The Best Democracy Money Can Buy

👤 Tom Easton  
Book review

Greg Palast
London: Robinson, 2003,
£7.99, p/b

 

As the war on Iraq has reminded us, journalism can be a dangerous vocation: the nearer a reporter, photographer or filmmaker gets to the action, the greater the risks run. Away from the shooting, the hazards are different, though only a little less potent, and Greg Palast experienced quite a few of them when he brought his brand of clever, witty and vigorous exposure to bear on the Blair government in 1998. For detailing the corruption at the heart of New Labour in his Lobbygate reports in The Observer (see Lobsters 36 and 38), Palast was branded a liar on the front page of the then Blair-backing Daily Mirror. He was then set up to appear as a sex pest at Labour Party conference. This is not treatment the pliant press lobby around No. 10 are ever likely to suffer.

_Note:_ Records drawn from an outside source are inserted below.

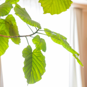 細かく枝分かれし、先端がしゅっととがった楕円形(だえんけい)の小さな葉を無数に展開するフィカス・ベンジャミナ。つるのように細い幹がよく伸び、自由に樹形を変えられます。白みがかった灰色の幹と、濃緑の葉が相まった姿が美しく、印象的なインテリアにもなります。
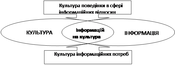 Професійно-педагогічна культура вчителя є відкритою системою. Розвиток цієї інтелектуальної системи залежить від ступеня надходження, опрацювання й ефективного використання інформаційних потоків із навколишнього середовища. Останнє означає, що сучасний учитель має бути відкритим до сприйняття інформації. З огляду на перенасиченість її в сучасному суспільстві, складність і різноманітність інформаційних технологій він має володіти високим рівнем ІК. Очевидно, що поняття ІК генерується двома фундаментальними поняттями: культура та інформація, відтворюючи їх взаємозв’язок і взаємовплив (рис.1.).
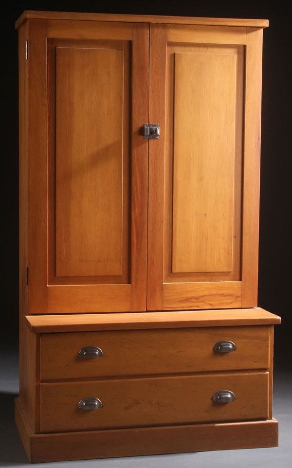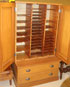 A ROCK ISLAND RAILROAD LINES PINE TIMETABLE AND FORMS STORAGE CABINET, EARLY 20TH CENTURY. The interior with a multitude of divided 10 inch x 12 inch storage trays, the majority retaining original I.D. tags for various routes, raised on an extending two drawer base. Height 60.5 inches (154 cm), width 34 inches (89 cm), depth 21.5 inches (54.5 cm).
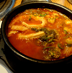 再びお仕事。 待ち時間に、近くのお店で早めの夕食。 スーパーマーケットのような所にあるフードコートで、 『スンドゥブ』を食べました。 東京で、韓国料理を食べる…といえば、 事務所の近くにある赤坂の「兄弟(ヒョンブ)食堂」によく行きます。 そこの『スンドゥブランチ』は、韓国の地元と同じく、 「キムチ」・「パンチャン」食べ放題☆☆☆ |
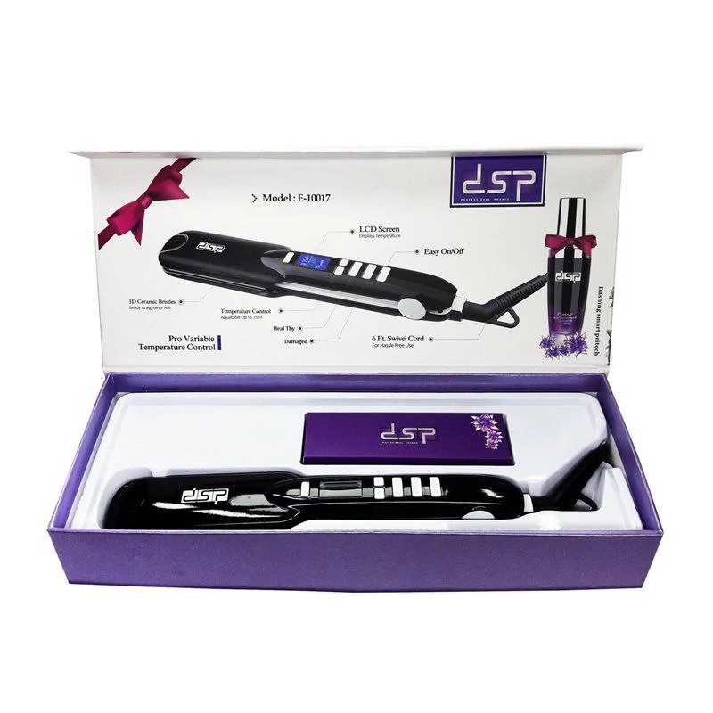 اتو مو کراتینه DSP مدل E-10017 جنس صفحه تیتانیوم و مخصوص کراتینه و پروتئینه کردن مو ها توزیع یکنواخت حرارت در صفحات اتو

Palast is now back in his native USA where his latest revelation is the Congressional decision to export the flawed Florida election system which took George W Bush into the White House to the rest of the country.

This book – like Michael Moore’s Stupid White Men, little loved by the political and journalistic establishment – is happily proving a big seller, and with good reason. For Palast brings together globalisation, corporate corruption and the politics of energy and high finance not as some fringe, abstruse theoretical work, but as news stories – the stuff real people listen to, watch and read because it touches their lives.

That’s why the Blair machine tried to destroy him. For although his Lobbygate exposure of No 10 adviser Roger Liddle and the corrupt New Labour apparatchiks who sold their address books for fat fees first appeared in a nervous Observer then edited – badly by most accounts – by Will Hutton, its significance could not be ignored by the tabloids. That none managed to force out Liddle or even prompt complacent Parliamentarians to investigate the serious issues he raised prompts Palast to characterise British attitudes as ‘kissing the whip’.

In pulling together the worlds of Enron, New Democrats and little sister New Labour, Wall Street, the IMF, the WTO, the Third Way, privatised schools and prisons, election manipulation and a cringing press, Palast sets out the ground on which a new radical politics is being built. Along the way he doesn’t just upset the Blairs of this world: he rumbles some well-heeled ‘lefties’ from less challenging climes, not least Christopher Hitchens.

Hitchens attacked a Palast piece on British censorship for being marked by ‘ignorance and pettiness’. Palast answers his accuser and then mocks him – and this is years before Hitchens becomes known as a supporter of the George W’s war on Iraq – as ‘a British transplant in America, whose posh accent and carefully hedged nastiness made him New York’s favourite cocktail party revolutionary’. Punctured pomposity is one of the flesh wounds of writing. Palast’s is the journalism that deserves a medal.